Sunday, January 4, 2015

Taking Down the Tree

I don't know about you but I always procrastinate when it comes to taking down the Christmas tree. I have neighbors who park their tree at the curb before New Year's Eve. To me, that's a sacrilege. Taking the tree down is closing the door on Christmas--which happens to be my absolute favorite time of year, so you can imagine my hesitancy. On the other hand, I used to have a neighbor who kept her tree up through Valentine's day, which even for a stalwart fan of Christmas like me, seems a bit too long.
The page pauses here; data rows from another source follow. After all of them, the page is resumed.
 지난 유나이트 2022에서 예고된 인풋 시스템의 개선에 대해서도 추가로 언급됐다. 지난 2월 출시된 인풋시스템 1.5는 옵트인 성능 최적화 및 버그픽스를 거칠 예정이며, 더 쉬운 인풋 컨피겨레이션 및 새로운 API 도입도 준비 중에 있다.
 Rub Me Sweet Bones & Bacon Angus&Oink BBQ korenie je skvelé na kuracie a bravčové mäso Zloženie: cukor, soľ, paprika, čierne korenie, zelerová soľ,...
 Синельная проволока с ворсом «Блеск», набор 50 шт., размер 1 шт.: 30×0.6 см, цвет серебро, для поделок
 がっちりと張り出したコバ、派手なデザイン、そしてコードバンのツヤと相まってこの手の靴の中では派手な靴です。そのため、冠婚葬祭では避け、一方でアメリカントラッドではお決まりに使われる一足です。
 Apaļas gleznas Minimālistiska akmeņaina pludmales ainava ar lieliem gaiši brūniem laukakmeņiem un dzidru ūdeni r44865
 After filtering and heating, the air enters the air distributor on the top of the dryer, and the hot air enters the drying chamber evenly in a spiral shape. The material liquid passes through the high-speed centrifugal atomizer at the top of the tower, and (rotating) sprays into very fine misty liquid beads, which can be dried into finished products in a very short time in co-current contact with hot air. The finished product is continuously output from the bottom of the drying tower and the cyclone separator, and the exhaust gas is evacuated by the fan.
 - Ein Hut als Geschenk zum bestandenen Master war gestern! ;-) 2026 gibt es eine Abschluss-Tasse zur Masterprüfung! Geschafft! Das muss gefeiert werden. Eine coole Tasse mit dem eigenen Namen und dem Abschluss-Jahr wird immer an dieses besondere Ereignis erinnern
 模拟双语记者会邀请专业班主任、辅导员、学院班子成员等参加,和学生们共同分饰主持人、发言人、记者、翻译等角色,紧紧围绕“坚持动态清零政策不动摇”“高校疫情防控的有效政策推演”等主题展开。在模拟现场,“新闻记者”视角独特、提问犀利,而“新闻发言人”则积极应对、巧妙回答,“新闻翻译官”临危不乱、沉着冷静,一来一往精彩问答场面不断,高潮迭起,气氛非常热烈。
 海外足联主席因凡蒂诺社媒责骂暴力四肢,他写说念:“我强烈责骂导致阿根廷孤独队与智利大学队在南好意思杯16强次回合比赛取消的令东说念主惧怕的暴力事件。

We have always had a fresh cut  tree...until the pivotal  tree episode last year. As usual, we made the 45 minute drive to our favorite Christmas tree farm. This place had all the bells and whistles including a  resident reindeer available for picture taking,  a well stocked Christmas shop, hot chocolate and a train like truck that delivered and picked you up at the forest of your choice. It was a chilly but sunny day and we were one of about fifteen customers who'd chopped down their tree and were in the line for the tree "shaker." I was about to suggest we do our own shaking at home when it was our tree's turn. After all of the  dead needles were shimmied off  my husband and a helper hoisted the tree to the top of our SUV. My hubby said he could take it from there.

He opened all the doors, rolled down the windows, then shut the doors. He was so intent on securing the tree that we never questioned why he did so. Then I noticed several men with their hands folded across their chests, staring at our car, with the trussed up tree, chuckling. Then I got it. My  husband had tied all the doors shut and we were locked out.  I don't know if it was to save face or not, but my husband was not about to disassemble his handiwork. So, four large adults had to crawl through the tail gate to get into their seats. When we returned home, we all exited the car through the tailgate as my favorite neighbor watched, doubling over in laughter.

At my husband's suggestion, this year...we purchased a beautiful, pre-lit Christmas tree from Balsam Hill. I'm not sure if  he had an aversion to returning to "our" favorite tree farm or he's simply leaning towards  convenience. What ever the reason, I finally have my most realistic Fraser Fir tree. Post Christmas, all we have to do is remove the ornaments and trot the tree down to the basement. No needles to clutter the carpet, no water will be spilled from the tree stand and no dragging it out to the curb. It's a win-win for everyone. 

The only thing I'm going to getting our photo taken with Rocket the reindeer.